VWT is the only AWE we studied which is completely free. It includes a two-tiered system of members and non-members, both tiers are free. They limit the word count to 1000 words for non-members and 3000 for members. Conversely, MI Write, WTL, and Criterion are all fully paywalled, providing no free option. They also happen to all target academic audiences specifically, and all three must be purchased through a school. Outwrite, Grammarly, Paper Rater, and PWA all provide tiered options allowing for free use with limited features or paid use with additional features. Additionally, PWA is the only one of the services which offers a lifetime purchase option. For each service which provides at least one free option, listed in Table 3 above, users can access the software immediately, though some require users to sign in. Conversely, MI Write, WTL, and Criterion do not provide any way to view or interact with their interface on their websites. Only MI Write provides an option to request a demonstration. This means that users have limited options for testing the software, and no option in the case of WTL and Criterion, further obfuscating and black-boxing the algorithm. This obfuscation allows fully paywalled programs, such as these, to control the narrative of how their software is perceived by potential users. Since users cannot create their own narratives based on their direct experiences without the influence of the creators, the algorithms are further black-boxed. In the process, the creators perform a perceived transparency while limiting independent access to the AWE.

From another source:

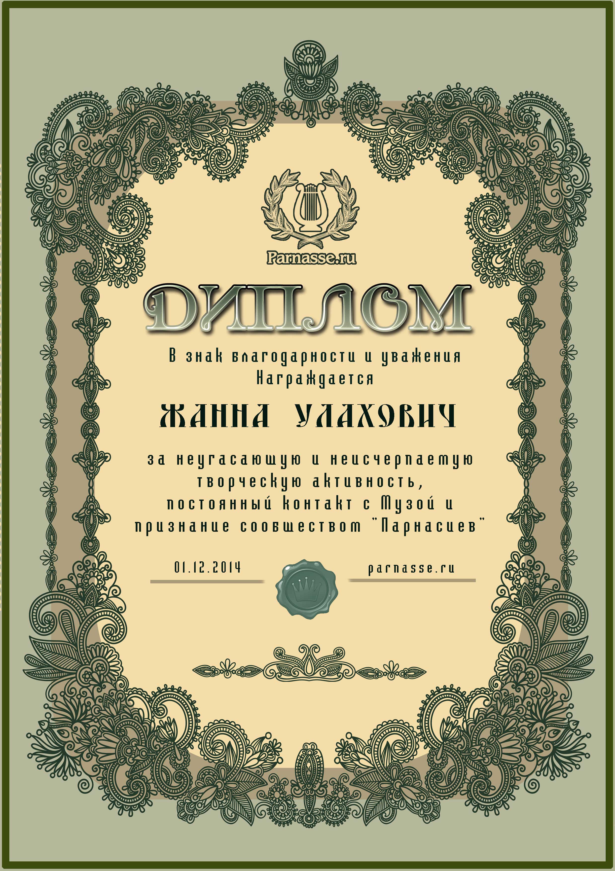 За неугасающую и неисчерпаемую творческую активность, постоянный контакт с Музой и признание сообществом "Парнасцев".От всей души желаем Вам, Жанна, здоровья, любви, успехов, благополучия, удачи и творческого вдохновения!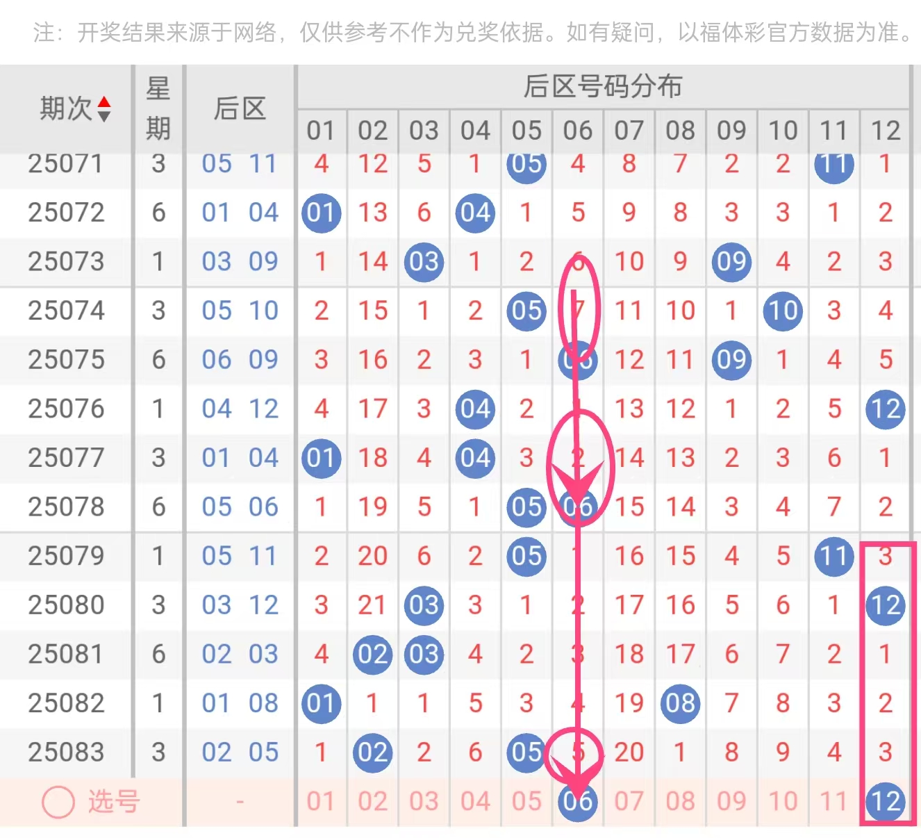 - `12`:活跃号(10期3次),与06构成完美跨度(跨度6)

In the tiered payment systems, certain features are restricted to paying customers only, such as "Plagiarism" checks. All four of the tiered AWE provide "Plagiarism" as a service, but not for free. Outwrite and Grammarly provide "Plagiarism" checks to paying customers while Paper Rater and PWA provide users with tokens they can use to check, with paying tiers receiving a certain number of tokens to start and free users paying for tokens when needed. Many of the features provided for paid tiers alone were focused on higher level writing concerns, like "Tone Suggestions" for Grammarly and "Sentence Rewriting" for Outwrite.
Discussion
As we stated previously, AWE mediates student and instructor activity (Huang & Wilson, 2021; Wilson et al., 2021). As such, it is vital to document the functions and affordances of AWE, so that we can utilize AWE to its fullest potential, while addressing the issues these technologies might create. Even if the functions and affordances change, our themes highlight the inconsistency and black-boxing in the creation of Automated Writing Evaluation Programs.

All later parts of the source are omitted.